---------- Exercise inputs
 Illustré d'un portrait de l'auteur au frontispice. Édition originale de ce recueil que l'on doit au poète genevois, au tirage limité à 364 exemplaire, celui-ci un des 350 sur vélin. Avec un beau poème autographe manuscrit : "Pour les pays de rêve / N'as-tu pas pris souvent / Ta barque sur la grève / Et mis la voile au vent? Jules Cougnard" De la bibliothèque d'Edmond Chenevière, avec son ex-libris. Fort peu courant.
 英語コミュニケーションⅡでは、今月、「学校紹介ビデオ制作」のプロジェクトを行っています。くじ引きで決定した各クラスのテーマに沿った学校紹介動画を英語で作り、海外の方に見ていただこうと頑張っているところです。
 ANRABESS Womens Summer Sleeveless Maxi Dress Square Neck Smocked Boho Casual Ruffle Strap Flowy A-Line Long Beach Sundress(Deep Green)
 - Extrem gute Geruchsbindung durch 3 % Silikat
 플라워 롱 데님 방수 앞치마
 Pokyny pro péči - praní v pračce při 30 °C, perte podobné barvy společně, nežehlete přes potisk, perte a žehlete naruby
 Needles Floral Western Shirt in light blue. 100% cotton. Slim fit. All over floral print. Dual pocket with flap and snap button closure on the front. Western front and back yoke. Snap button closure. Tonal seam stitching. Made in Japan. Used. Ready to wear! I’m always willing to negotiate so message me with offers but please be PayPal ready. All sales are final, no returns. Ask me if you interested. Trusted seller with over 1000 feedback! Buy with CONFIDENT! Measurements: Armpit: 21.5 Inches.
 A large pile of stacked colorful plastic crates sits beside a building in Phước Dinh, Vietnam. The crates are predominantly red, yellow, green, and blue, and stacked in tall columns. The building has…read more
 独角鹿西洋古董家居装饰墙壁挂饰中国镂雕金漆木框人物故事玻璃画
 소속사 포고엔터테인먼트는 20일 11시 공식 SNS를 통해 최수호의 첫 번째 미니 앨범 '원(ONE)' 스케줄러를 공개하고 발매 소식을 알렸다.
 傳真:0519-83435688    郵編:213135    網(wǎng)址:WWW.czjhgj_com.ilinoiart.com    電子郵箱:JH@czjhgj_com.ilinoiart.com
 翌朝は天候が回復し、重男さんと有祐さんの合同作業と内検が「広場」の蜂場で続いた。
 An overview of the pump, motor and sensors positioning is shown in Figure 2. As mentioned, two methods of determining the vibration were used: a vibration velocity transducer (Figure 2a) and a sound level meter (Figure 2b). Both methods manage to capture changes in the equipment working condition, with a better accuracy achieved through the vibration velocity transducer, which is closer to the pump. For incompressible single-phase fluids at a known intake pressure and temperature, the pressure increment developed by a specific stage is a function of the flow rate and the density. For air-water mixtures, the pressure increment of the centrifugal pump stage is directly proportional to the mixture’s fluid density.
--------------------
Instructions to follow: Go through the data above and count the lines that hold "blue". Respond with the number and no other words.

Exercise response: 2